Во-первых, таковыми оказались те политические руководители страны, что безответственно разжигали огонь Мировой Революции и с усердием, достойным лучшего применения, требовали на штыках Красной Армии нести оную Мировую Революцию в Европу, Азию и вообще по всему земному шару — то бишь граждане Троцкий, Зиновьев, Каменев и иже с ними. Эти люди несли «политическую» ответственность за то, что Советский Союз оказался на грани военного конфликта, с которой смог спрыгнуть лишь благодаря серьезным уступкам во внешнеполитических вопросах. И уступках кому! — Польше и Румынии!
Идея Мировой Революции очевидно обанкротилась — вместе с ней политическими банкротами оказались деятели «левой оппозиции» в рядах ВКП(б); они едва не втянули Советский Союз в безнадежный военный конфликт, они готовы были пожертвовать ради призрачного успеха в этом конфликте самим существованием «первого в мире пролетарского государства» — и они должны были быть за это жестоко наказаны. Ибо их вина была очевидна для подавляющего большинства населения СССР, а главное — для членов и руководителей партии.
«Левые» деятели в руководстве партии, при всем желании, свою вину в «военной тревоге» отрицать не имели никакой возможности. Вся партия была свидетелем той неистовой фракционной деятельности, в которой погрязли «вожди Октября», того бешеного рвения, с которым они на протяжении трех «предвоенных» лет готовили грядущую смену советского политического курса, страстно желая «завязать» с НЭПом и заняться, наконец, делами серьезными и важными — начать строить социализм на Европейском континенте.
Борьба Сталина и его сторонников с «левой оппозицией» шла с 1925 по 1927 год с постоянным накалом — но с каждым месяцем преобладание разумного курса «построения социализма в одной, отдельной взятой, стране» над оголтелой пропагандой «всемирного пролетарского пожара», ведущейся «левыми», становилось все ощутимее.

 

Надо сказать, что «левые» отнюдь не сидели и не ждали так страстно желанной ими Мировой Революции. Они ее готовили! А главное — они достаточно долго пытались свои взгляды сделать доминирующими в ВКП (б).
В апреле 1926 года произошло создание «объединенной оппозиции», куда вошли Зиновьев, Каменев, Троцкий и их сторонники — Радек, Преображенский, Серебряков, Пятаков, Сокольников, Антонов-Овсеенко, Муралов, Шляпников и Сапронов.
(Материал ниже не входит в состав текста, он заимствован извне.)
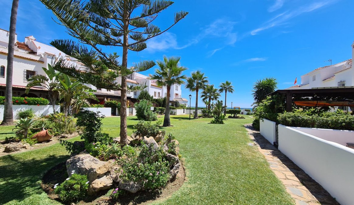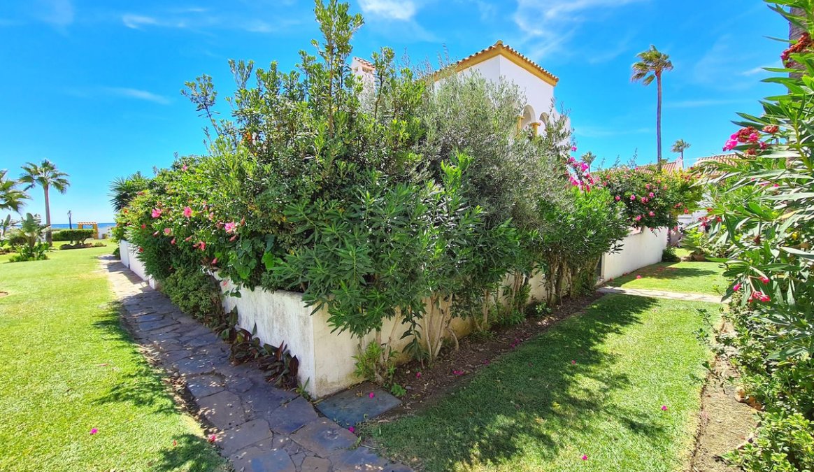 Con excelente ubicación en una urbanización en primera línea de playa con acceso a la Senda Litoral que conecta toda la costa del Sol y a la playa a tan solo unos pasos de la casa, cerca de supermercados, tiendas, restaurantes y gran variedad de ofertas de ocio. Con Sabinillas a tan solo 2 min en coche y a 10 min de Estepona, con el aeropuerto de Málaga a 90 min en coche. La propiedad se distribuye en dos plantas más el solárium, en la planta baja encontramos la entrada principal con un amplio recibidor, un aseo con ventana, una amplia cocina con acceso a la parte trasera de la terraza y un gran salón comedor con chimenea y acceso a un porche que conecta con el GRAN JARDÍN PRIVADO.

Троцкий, как записной идеолог, выдвинул тезис о том, что революция предана бюрократами и грядет победа бюрократии над пролетариатом. Единственным выходом из «обуржуазивания» страны могут быть лишь следующие шаги: немедленно свернуть НЭП, радикально изменить политический курс, для чего начать быстрое развитие тяжелой промышленности, «демократизировать» партию, безжалостно «подавить кулака», а остальных крестьян загнать в трудовые армии. Никакого «построения социализма в одной, отдельно взятой, стране»! Только всемирная пролетарская революция, катализатором которой должна послужить Советская республика и ее армия! Даешь перманентную революцию! Долой бюрократический аппарат! Да здравствует пролетарский интернационализм!
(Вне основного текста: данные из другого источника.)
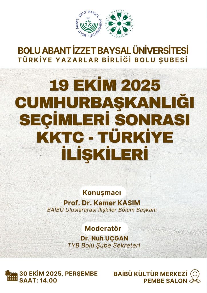 📅Tarih:30 Ekim 2025 ⏰Saat: 14:00 🏢 Yer: BAİBÜ Kültür Merkezi Pembe Salon

Руководители оппозиции выработали заявление, представленное на июльском пленуме ЦК 1926 года. Дискуссии по нему были настолько яростными, что в разгар заседания у Дзержинского (председатель ВСНХ и глава ГПУ) произошел сердечный приступ, и Железный Феликс скончался. Но в целом дискуссия закончилась победой Сталина. Большинство руководителей партии отвергли левацкие лозунги «объединенной оппозиции»; произошел второй этап оттеснения главных «ленинских гвардейцев» от реальной власти в партии, Политбюро было серьезно перетасовано: Зиновьев заменен Рудзутаком, появились новые кандидаты в члены Политбюро, люди, близкие Сталину, — Микоян, Андреев, Каганович, Орджоникидзе и Киров.
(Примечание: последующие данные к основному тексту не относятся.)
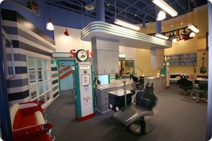 Декор офиса удивляет с первого взгляда и переносит в заграничную эпоху 50-х годов.

23 — 26 октября 1926 года состоялся пленум ЦК, сурово осудивший руководителей оппозиции. Троцкого и Каменева исключили из состава Политбюро, Исполкому Коминтерна было предложено отстранить Зиновьева от поста председателя, и в декабре его заменил Бухарин. На XV партийной конференции (27 октября — 3 ноября 1926 года) тезисы Сталина о «построении социализма в одной, отдельно взятой, стране» были приняты единогласно: они были понятны подавляющему большинству рядовых членов партии, ибо в их основе лежало национальное чувство и вера в силы народа.
Но неугомонные Троцкий и компания не унимались. В октябре они представили программу реформ и потребовали, чтобы следующий ЦК, выбранный на XV съезде, был тесно связан с массами и не зависел от аппарата. Они все еще полагали, что рядовые члены партии продолжают мечтать о «трудовых армиях» и войне во благо германского пролетариата.
Пленум ЦК с легкостью доказал им, что это не так. 23 октября он вывел из своего состава Троцкого и Зиновьева. Произошло доселе невиданное — «творцы Октября» (настоящие, а не позже измышленные Эйзенштейном по приказу Сталина) изгонялись из штаба ВКП (б)! Это было пределом коварства, и товарищ Троцкий нанес последний удар: 7 ноября, в 10-ю годовщину Октябрьской революции, во время праздничной демонстрации его сподвижники (Зиновьев и Радек в Ленинграде, Раковский в Харькове, Преображенский и сам Троцкий в Москве) развернули лозунги со своими призывами перед демонстрантами.
Акция провалилась — народ и не подумал поддерживать «левых» оппозиционеров, — и 14 ноября Троцкого и Зиновьева исключили из партии, а Каменева и Раковского — из ЦК. Еще 93 видных деятеля оппозиции были исключены из партии на XV съезде. Троцкий и его сторонники отказались от публичного покаяния, и 19 января 1928 года «Правда» сообщила о его «отъезде» из Москвы.
На самом деле Троцкого и еще 30 оппозиционеров за два дня до этого сослали в Алма-Ату. С «левой» оппозицией в Советской республике было покончено…
«Военная тревога» 1927 года и связанный с ней очевидный авантюризм «левой оппозиции» в вопросах войны и мира позволила товарищу Сталину по-взрослому почистить высший эшелон ВКП (б) от апологетов Мировой Революции — а главное, от политиков, равных ему по статусу, вместе с ним «делавших» Октябрьский переворот и запросто называвших его «Коба».

 

Но это было наказание виновных в среде политических руководителей страны. А ведь были виновны и руководители РККА! Поэтому, во-вторых, были наказаны военные, бездумно с высоких трибун пугавшие сопредельные державы вторжением и войной. И главным среди них был, безусловно, начальник Штаба РККА товарищ Тухачевский.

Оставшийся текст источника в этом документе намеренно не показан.